Thursday Morning Devotion (Can God Count on You?)

(5) I looked, and there was no one helping,
I was was shocked that nobody provided me support,
so my right arm brought me salvation,
and my fury supported me. — Isaiah 63:5

As Jody has mentioned a couple of times, we’re celebrating Consider Christianity Week. Thinking about our faith, why we believe it, and how we would defend it has brought up a number of thoughts. The question came up in one of our discussions: If you were accused of being a Christian, would there be enough evidence to convict? Now that’s an old question, and I don’t even know where it got started, but it’s an interesting one.

But the next obvious question is this: What type of evidence should there be that you are a Christian? Does it make any difference?

You may think that’s a “duh” question. But there are numerous different answers. For some people the evidence would come by your attendance at church and church-related activities. Sometimes these same people would only regard your church attendance as good evidence if you make enough noise or do something other than sit in the pew.

Others think the evidence should be entirely in your behavior. How do you treat your neighbors? If you’re a good person, your church attendance doesn’t matter all that much.
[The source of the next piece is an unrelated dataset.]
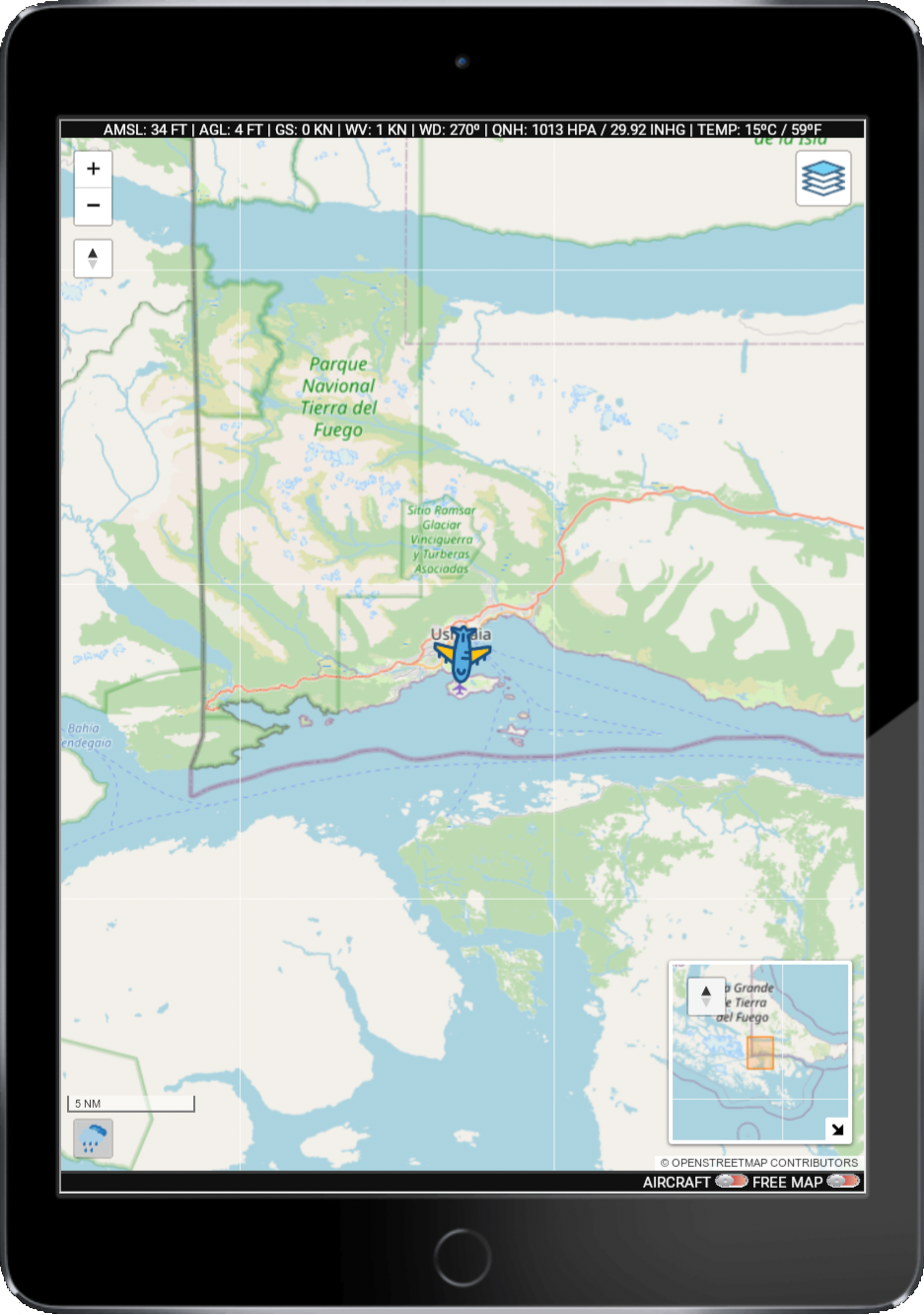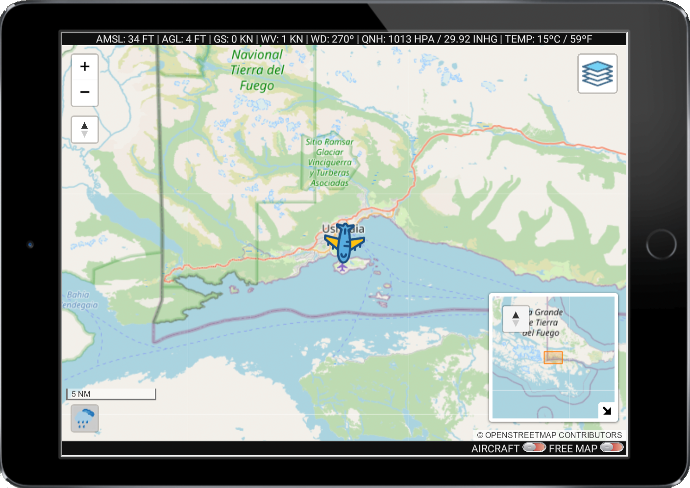 FREE MAP.- Si lo activamos el mapa dejará de seguir a nuestro avión y podremos mover el mapa libremente. Podremos ver zonas por donde no estamos volando en ese momento.

You’re loving your neighbors, and that’s evidence enough.

Others might think the evidence was based on how many times you say you’re a Christian. Can someone know you for five minutes without being aware of your faith? Ten minutes? A week? For these people it’s the spoken testimony that makes all the difference.

Yet others might ask, “Evidence? What evidence? I was saved when I prayed the sinners prayer, and nobody heard me other than God. What’s it to you?” For them, you could be a Christian without any evidence at all.

There’s a certain amount of truth in all of these. But our verse today puts a different slant on the whole thing. God is looking for the people who are on his side, and he looks around and nobody is helping him. He is working alone, without support. So he saves on his own. Some people would say “Hallelujah!” God gets the job done in spite of us. And doubtless he does that.

But there’s a tragedy when that happens, and this is it: We miss out on the opportunity to play God! Now resist the temptation to get this irreverent devotional off your screen as quickly as possible. By playing God I don’t mean making God’s decisions or pretending to be someone we’re not. I mean that we play God as the body of Jesus Christ (who was God) in the world. We have the privilege of being part of God’s activity. Surely you don’t want to miss out on that?

So when God looks around your workplace today, will he find someone who is providing support for him, who is ready to help? That’s the one evidence God wants!